Mit künstlicher Intelligenz gegen die Lebensmittelverschwendung

Die Hochschule Augsburg startet gemeinsam mit anderen Partnern das dreijährige Förderprojekt REIF gegen die Lebensmittelverschwendung.

Mit künstlicher Intelligenz gegen die Lebensmittelverschwendung

Jedes Jahr werden in Deutschland etwa elf Millionen Tonnen Lebensmittel bereits während des Herstellungsprozesses entlang der Wertschöpfungskette vernichtet. Sie landen im Abfall, noch bevor sie zum Endverbraucher gelangen. Dadurch kommt es nicht nur zu wirtschaftlichen Verlusten, sondern auch zu Umwelt- und Klimaschäden. Das Förderprojekt „REIF – Ressource-efficient, Economic and Intelligent Foodchain“ setzt sich zum Ziel, die Verschwendung in der Lebensmittelindustrie zu minimieren – mithilfe des Einsatzes von Künstlicher Intelligenz (KI). Die Umsetzungsphase des Forschungsvorhabens hat jetzt begonnen.

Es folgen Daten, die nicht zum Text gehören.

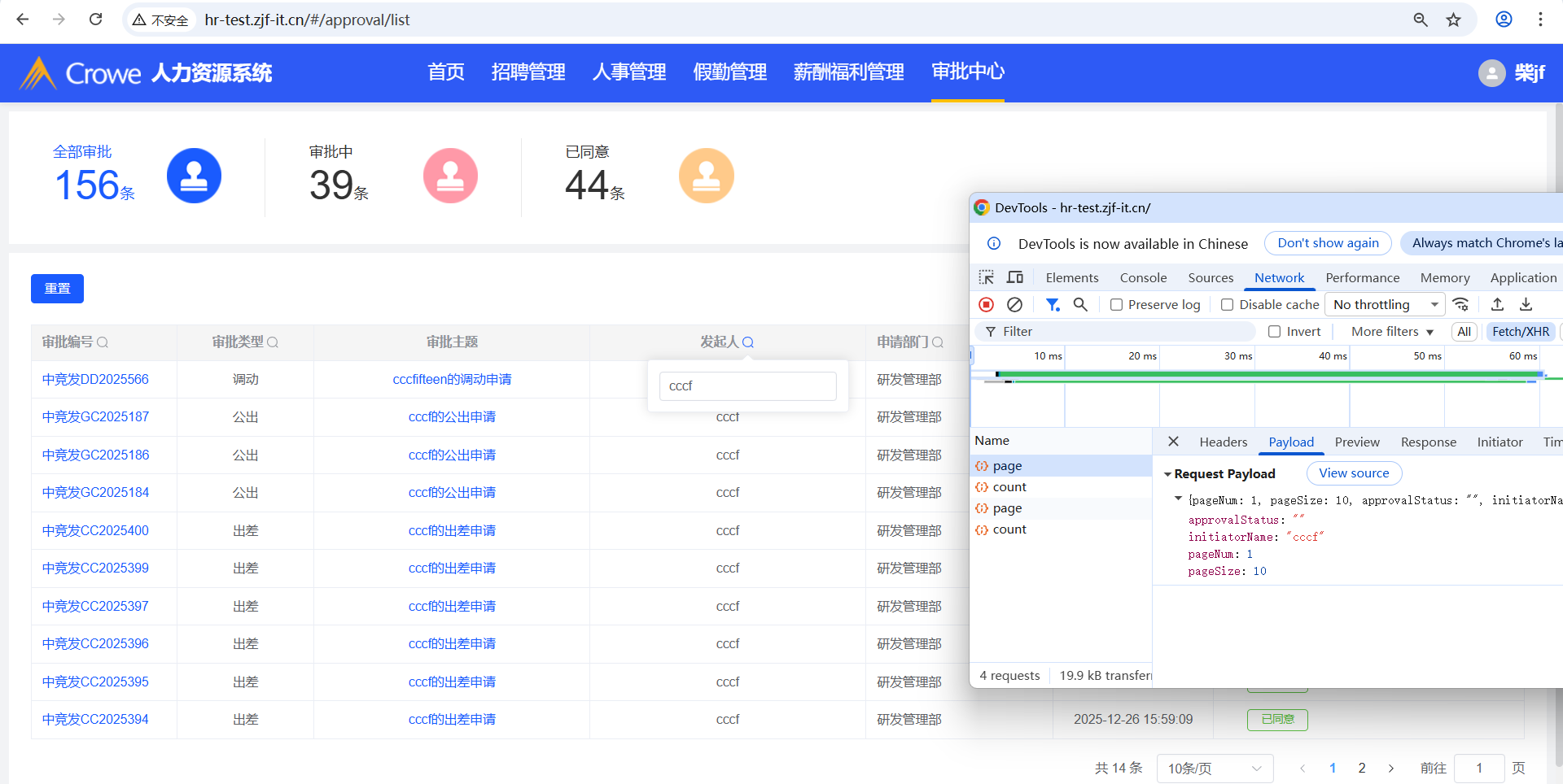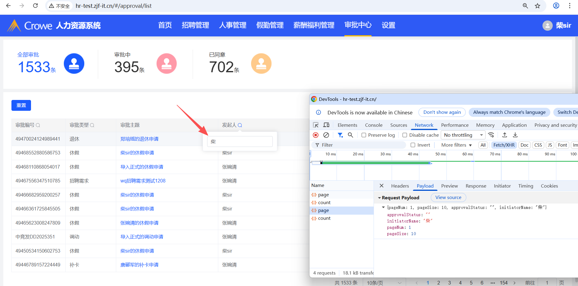 已关闭人力资源系统-审批中心,根据表头列:发起人筛选,筛选出来的数据不对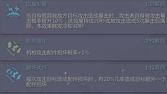 配损强化和破坏大师主要针对配件损坏,既加了百分之一的配件损坏概率而且打出配损后有五分之一的几率再造成一个配件损坏,这个就非常恶心,和布雷德利的燃烧发动机起火概率有类似之处,如果一下打坏两个武器就让敌人非常恶心。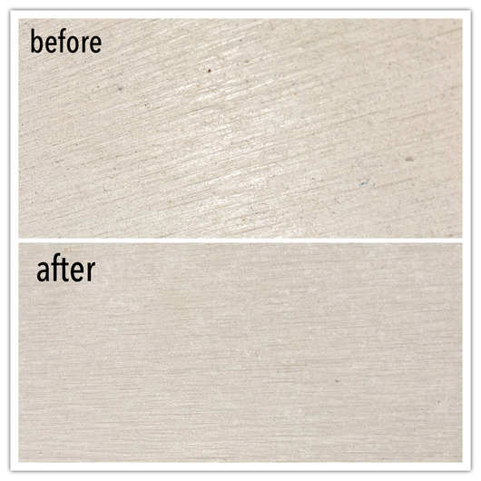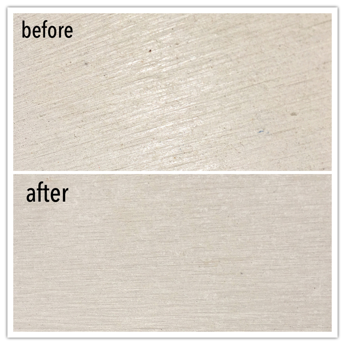 分厚いバスマットを洗わなくても清潔、スッキリ、サッパリ!の使い心地に大変満足している珪藻土マット。 万能ですが、吸わなくなったらお手入れサインです。 付属についていたこのヤスリで… 表面を撫でるように擦ります。 水を吸わず、弾くようになって水滴が乗っていたマットが… ヤスリで擦ると。 ぴたっっと水分を吸着して消えてくれる感覚が戻りました! |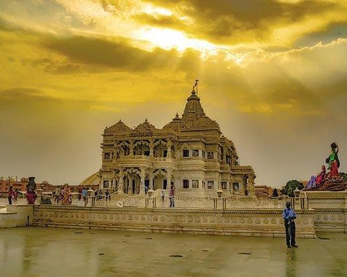• El amanecer nos lleva por carretera hasta Mathura, cuna del dios Krishna. Aquí la vida estalla en colores durante el Festival de Holi, la celebración de la alegría y la unidad.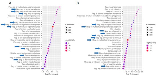 GO enrichment results for the induced (A) and repressed (B) differentially CTCF-binding sites after weaning. The top 30 hits of GO terms are shown in this figure. Biological processes are ranked according to the fold enrichment values. Bubble colors represent the p-value of the False Discovery Rate (FDR). The most significant processes are highlighted in red, and the less significant processes are highlighted in blue according to log10 (FDR) values. Bubble sizes indicate the number of genes. Blue arrows indicate GO terms present in both induced and repressed sites.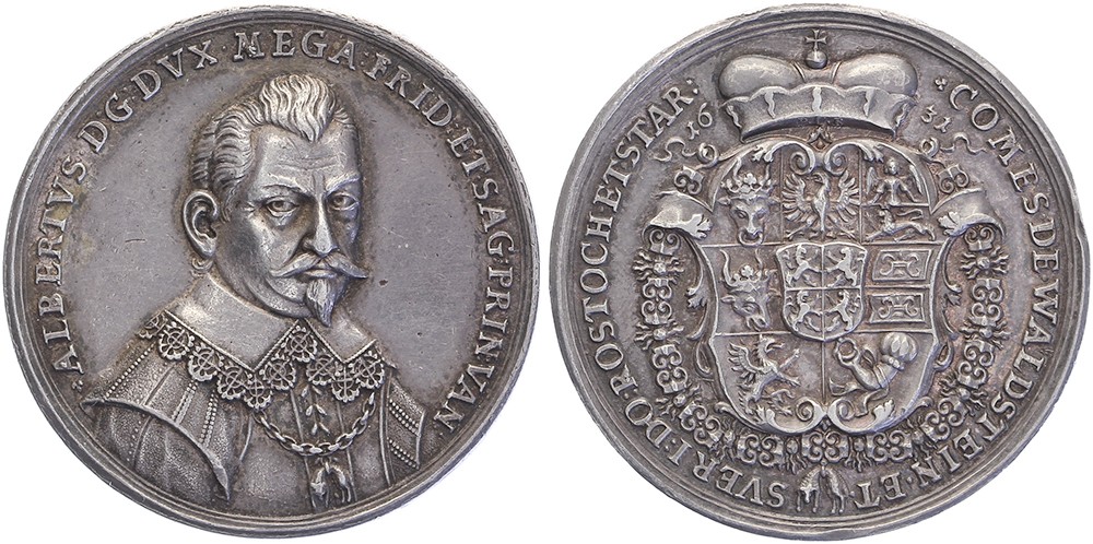 1631 Friedland. Albrecht von Wallenstein (1583-1634). Geharnischtes Brustbild fast von vorn mit der Kette des Ordens vom Goldenen Vlies. / Driezehnfeldiges Wappen in Barockkartusche. AR 38,6 [30,06 g]. Nachahmung von P.Ch. Becker (18. JH). Fiala 3969. Sehr schön.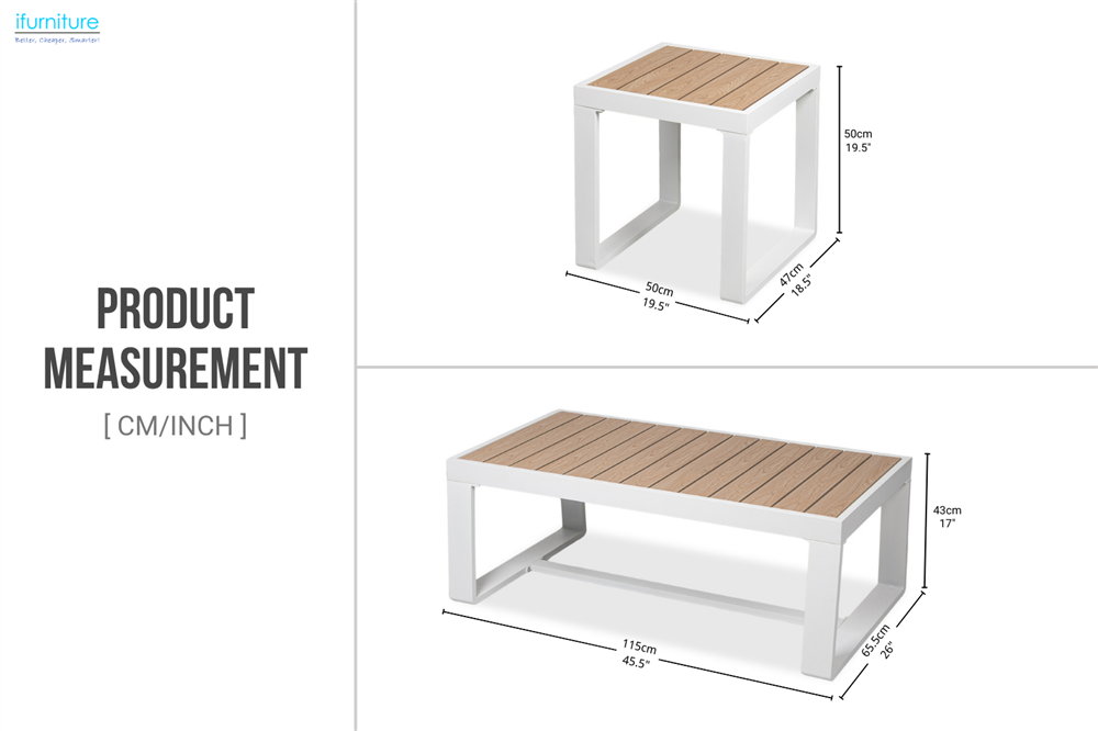 - Durable Polywood Decorative Panels Table: The modern aluminum outdoor patio furniture coffee table boasts a visually appealing and touchably smooth polywood decorative panels tabletop. Unlike tempered glass, it is resistant to sudden cracking caused by high temperatures.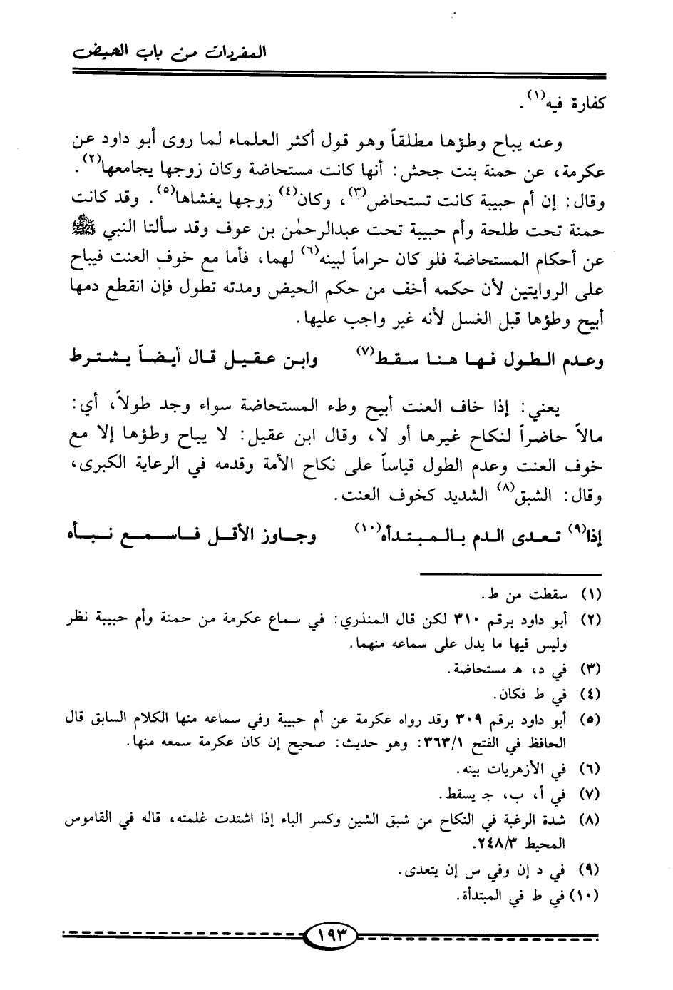 وعنه يباح وطؤها مطلقًا وهو قول أكثر العلماء لما روى أبو داود عن عكرمة، عن حمنة بنت جحش: أنها كانت مستحاضة وكان زوجها يجامعها (¬2). وقال: إن أم حبيبة كانت تستحاض (¬3)، وكان (¬4) زوجها يغشاها (¬5). وقد كانت حمنة تحت طلحة وأم حبيبة تحت عبد الرحمن بن عوف وقد سألتا النبي- صلى الله عليه وسلم - عن أحكام المستحاضة فلو كان حرامًا لبينه (¬6) لهما، فأما مع خوف العنت فيباح على الروايتين لأن حكمه أخف من حكم الحيض ومدته تطول فإن انقطع دمها أبيح وطؤها قبل الغسل لأنه غير واجب عليها.

Im Rahmen des Projekts werden in den kommenden drei Jahren Potenziale der Verschwendungsreduzierung mittels KI in den Branchen Molkerei, Fleisch und Backwaren erarbeitet. Angestrebt wird dabei eine Reduzierung der Lebensmittelverluste um bis zu 90 Prozent. Um dieses Ziel zu erreichen, sind entlang der Wertschöpfungskette zwei Punkte entscheidend: die Minimierung von Überproduktion und die Vermeidung von Ausschuss. Wo konventionelle Technologien an ihre Grenzen stoßen, könnte Künstliche Intelligenz innovative Lösungsansätze bieten. Beispielsweise kann mit Hilfe von KI die Nachfrage der Konsumenten genauer prognostiziert werden oder die Produktionsinfrastruktur dazu befähigt werden, kurzfristig sowohl auf schwankende Nachfrage als auch auf die schwankende Rohstoffqualität zu reagieren. Am Projekt beteiligt sind insgesamt 18 Partner aus Industrie, Verbänden und Forschung, sowie 12 Projektpartner – vom bekannten Markenhersteller bis zum jungen Start-up.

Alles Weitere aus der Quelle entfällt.